Aid Row Reaches Boiling Point
MANAGUA – Liberal politicians and indigenous community leaders from the storm-ravaged Caribbean coast are warning that a violent uprising could occur if the Sandinista government doesn’t change its handling of humanitarian-aid distribution.
Critics of the government’s relief efforts argue that local Sandinista party leaders are politicizing the humanitarian aid by distributing it through the controversial Councils of Citizen Power (CPCs) – party organizations that are allegedly obliging others to join in order to receive aid.
The perception that aid is going only to Sandinista party members has led to an increasingly tense situation in the regional capital of Bilwi and in the depressed interior region known as the mining triangle.
The desperation exploded into violent protest last week when hundreds of mostly indigenous Miskitos stormed and occupied the Bilwi airport, ransacking the storage warehouses for food and supplies.
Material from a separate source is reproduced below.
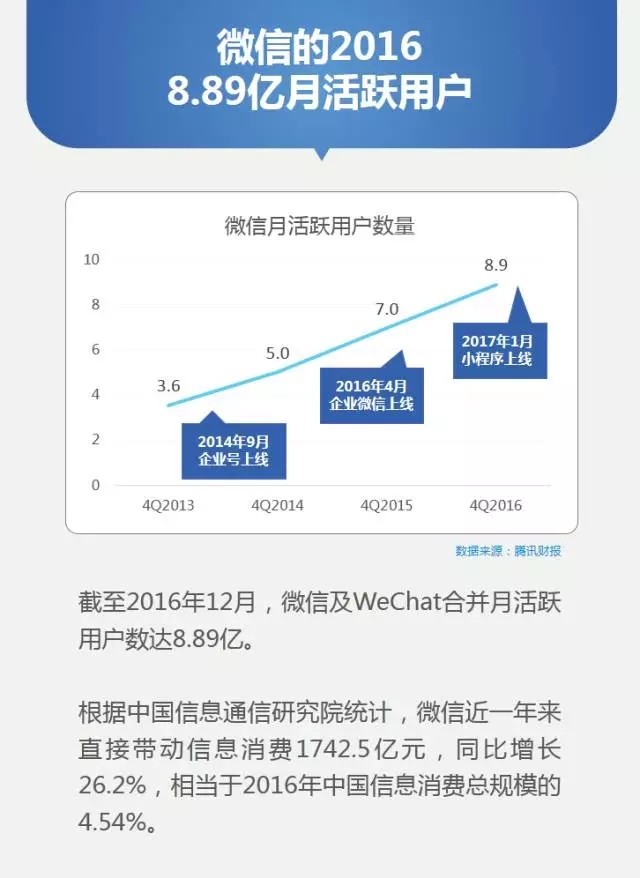 6566ccm爱彩网截止2016年12月统计,微信已经有8.89亿月活跃用户,近一年来直接带动信息消费1742.5亿元——经过六年的高速发展,微信已经成为了中国移动互联网的国民级应用。

Other groups of anti-Sandinista protestors clashed with members of the local government, headed by a Yatama faction that has allied with the Sandinista Front.
Another Miskito group, calling itself “Yatama No Sandinista,” is warning that the situation could get out of control if the government doesn’t change its policies soon.
Yatama No Sandinista is planning a march on Bilwi Nov. 11, according to group leader Osorno Coleman.
Coleman says there is lots of confusion and rumor over relief aid; the population hears reports on the radio that aid has arrived, but then it seems to disappear and the government officials don’t offer any explanation about what’s going on, he said.
“If the government continues this behavior, there could be more uprisings and it could start to get out of control,” Coleman said.
Victor Manuel Duarte, a Liberal lawmaker from the mining town of Siuna, said he is asking the National Assembly to form a special commission to investigate complaints that the Sandinistas are politicizing relief aid through the CPCs. Duarte claims that local party organizers are forcing people to join the CPCs in order to receive aid.
The lawmaker alleges that the Sandinistas are using the aid as bait to win votes in traditionally Liberal towns before the 2008 municipal elections. If the situation continues, Duarte said, he fears rearmed Contra groups could again appear in the mining triangle.
“But there is still sufficient time to calm the situation,” he added.
International Aid Continues
Despite apparent problems with the government’s distribution of aid, international relief from the World Food Program, the Red Cross, religious organizations and others seems to be getting to communities with fewer problems.
William Hart, country representative of the World Food Program, says his group has been working closely with the Ministry of Agriculture and Forestry (MAGFOR) to personally deliver food supplies to 88,000 people who are considered to be “food insecure” in 65 rural communities along the Río Coco, which borders Honduras.
The World Food Program delivers the food directly to community leaders to be redistributed to the villages – a process he says that is going “fairly well.”
Hart notes that the World Food Program already has experience in these communities because of previous missions to distribute rations there for the school lunch program.
“We have a distribution system that has been going on for a while and it works and we are confident with it,”Hart told The Nica Times.
The problem, he said, is that the communities are so isolated and the need is so great, that there hasn’t been enough aid getting through quickly enough to satisfy the population.
A major chunk of the World Food Program’s humanitarian aid is coming from the United States, which last week donated an additional $2.9 million in food rations to meet the basic needs of 83,000 residents for the next month.
Since Hurricane Felix tore through Nicaragua as a Category 5 storm Sept. 5, the United States has provided $4.7 million in humanitarian-relief aid, $1.5 million in helicopter transportation to inaccessible communities, and $7 million in funding for new housing loans.
Venezuela has also come to Nicaragua’s aid, sending a ship that docked last week in Bilwi with 14,000 sheets of zinc and other relief aid to help rebuild.
France, too, joined the international community of donors this week by by donating more than $400,000 in hurricane-relief aid. U.S. Ambassador Paul Trivelli notes that the Millennium Challenge Account, which has $92 million earmarked for road repair and construction in northwestern departments of León and Chinandega, will help rebuild another region of the country that has recently been washed out by heavy rains.
Trivelli told The Nica Times that many of those highway contracts are being finalized now, and he expects “dirt to start moving by 2008.”